How-To Validate DeepEP GPU Communication Performance on Crusoe Cloud

Last Updated: March 31, 2026

Introduction

DeepEP is an open-source communication library from DeepSeek that accelerates Expert Parallelism (EP) in Mixture-of-Experts (MoE) models. It provides optimised all-to-all communication kernels for dispatching tokens to expert GPUs and combining results, using NVLink for intra-node traffic and InfiniBand RDMA for inter-node traffic.

This guide walks through installing DeepEP on Crusoe Cloud GPU IB instances, configuring GPU-to-HCA mapping (critical on Crusoe), and running all three benchmark suites: intra-node (NVLink), low-latency (IBGDA), and inter-node (NVLink + RDMA). By the end, you will have validated that your GPU communication fabric is performing at expected levels.

Prerequisites

Two Crusoe Cloud SXM IB instances with 8 GPUs per node (e.g., h200-80gb-sxm-ib.8x)
Image: ubuntu22.04-nvidia-sxm-docker, latest
SSH access to both nodes
Firewall rule allowing TCP port 8361 between the two nodes (used by PyTorch distributed initialisation)
Passwordless SSH between both nodes (for inter-node test only)

Note: This guide was tested on H200 SXM IB nodes. The steps should apply to other Crusoe SXM IB instance types (e.g., H100) with the same image, though expected benchmark numbers will vary by GPU generation.

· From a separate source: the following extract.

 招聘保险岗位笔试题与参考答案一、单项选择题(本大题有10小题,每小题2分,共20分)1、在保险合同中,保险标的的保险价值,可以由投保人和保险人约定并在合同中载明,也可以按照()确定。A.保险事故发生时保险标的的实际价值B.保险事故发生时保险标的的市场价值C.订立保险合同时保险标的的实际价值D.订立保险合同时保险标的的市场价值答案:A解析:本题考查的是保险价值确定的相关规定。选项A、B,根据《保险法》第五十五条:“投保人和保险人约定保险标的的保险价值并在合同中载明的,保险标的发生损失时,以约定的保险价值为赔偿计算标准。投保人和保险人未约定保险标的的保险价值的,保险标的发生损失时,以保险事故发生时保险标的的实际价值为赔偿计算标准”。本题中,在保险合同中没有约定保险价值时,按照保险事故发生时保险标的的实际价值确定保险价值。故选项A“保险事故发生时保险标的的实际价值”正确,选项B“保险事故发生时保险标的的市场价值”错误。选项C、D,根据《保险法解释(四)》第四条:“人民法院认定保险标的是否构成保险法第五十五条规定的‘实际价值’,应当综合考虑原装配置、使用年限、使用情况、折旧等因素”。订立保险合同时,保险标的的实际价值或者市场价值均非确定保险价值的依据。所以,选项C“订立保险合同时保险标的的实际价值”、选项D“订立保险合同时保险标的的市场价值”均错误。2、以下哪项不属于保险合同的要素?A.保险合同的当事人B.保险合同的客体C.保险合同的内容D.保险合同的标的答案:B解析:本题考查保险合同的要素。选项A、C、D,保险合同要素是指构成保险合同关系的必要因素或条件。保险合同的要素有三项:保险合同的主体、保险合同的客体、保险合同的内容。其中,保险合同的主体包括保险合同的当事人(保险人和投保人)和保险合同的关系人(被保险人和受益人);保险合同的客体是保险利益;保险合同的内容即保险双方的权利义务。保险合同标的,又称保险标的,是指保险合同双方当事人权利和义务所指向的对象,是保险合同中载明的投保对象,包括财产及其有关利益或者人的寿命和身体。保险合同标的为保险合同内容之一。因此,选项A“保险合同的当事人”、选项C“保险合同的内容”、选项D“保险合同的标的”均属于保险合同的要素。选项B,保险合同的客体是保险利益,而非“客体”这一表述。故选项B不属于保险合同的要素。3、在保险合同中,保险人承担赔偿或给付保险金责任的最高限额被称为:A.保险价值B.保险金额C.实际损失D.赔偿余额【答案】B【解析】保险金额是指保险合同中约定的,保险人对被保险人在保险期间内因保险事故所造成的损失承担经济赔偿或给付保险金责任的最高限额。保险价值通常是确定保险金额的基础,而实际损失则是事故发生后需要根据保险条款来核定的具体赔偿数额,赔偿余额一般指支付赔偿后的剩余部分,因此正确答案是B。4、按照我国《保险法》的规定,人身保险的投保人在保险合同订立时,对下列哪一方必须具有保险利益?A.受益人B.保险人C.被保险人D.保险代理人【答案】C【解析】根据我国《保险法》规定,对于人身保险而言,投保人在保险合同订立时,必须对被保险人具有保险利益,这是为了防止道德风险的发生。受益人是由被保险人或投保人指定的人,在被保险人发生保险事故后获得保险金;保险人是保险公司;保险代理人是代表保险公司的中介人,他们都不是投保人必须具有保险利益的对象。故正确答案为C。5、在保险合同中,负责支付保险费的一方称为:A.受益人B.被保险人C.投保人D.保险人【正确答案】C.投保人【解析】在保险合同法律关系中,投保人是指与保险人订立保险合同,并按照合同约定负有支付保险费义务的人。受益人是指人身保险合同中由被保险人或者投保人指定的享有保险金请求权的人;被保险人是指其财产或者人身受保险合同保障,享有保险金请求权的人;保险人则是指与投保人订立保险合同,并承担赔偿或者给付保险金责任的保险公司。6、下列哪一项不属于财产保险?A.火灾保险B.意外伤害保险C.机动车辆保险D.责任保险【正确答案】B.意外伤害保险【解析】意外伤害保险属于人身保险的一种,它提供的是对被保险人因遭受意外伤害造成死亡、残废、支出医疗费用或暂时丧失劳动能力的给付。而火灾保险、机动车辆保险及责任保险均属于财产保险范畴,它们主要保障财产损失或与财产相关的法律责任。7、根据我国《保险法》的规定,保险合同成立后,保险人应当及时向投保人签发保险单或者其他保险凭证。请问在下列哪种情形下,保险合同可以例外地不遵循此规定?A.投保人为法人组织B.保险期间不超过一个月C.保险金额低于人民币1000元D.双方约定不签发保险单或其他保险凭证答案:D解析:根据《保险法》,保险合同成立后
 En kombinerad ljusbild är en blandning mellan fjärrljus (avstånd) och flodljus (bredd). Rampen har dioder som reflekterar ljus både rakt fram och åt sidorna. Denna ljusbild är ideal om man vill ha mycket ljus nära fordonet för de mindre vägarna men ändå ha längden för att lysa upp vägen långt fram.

Expected environment after provisioning:

Component	Version
NVIDIA Driver	570.x (R570)
CUDA	12.8
GPUs per node	8× NVIDIA H200 SXM (141 GB HBM3e)
InfiniBand NICs	8× ConnectX-7 per node (mlx5_1 through mlx5_8)
GDRCopy	Pre-installed (gdrdrv module loaded)

Step-by-Step Instructions

Step 1: Prepare the System (Run the following on both nodes.)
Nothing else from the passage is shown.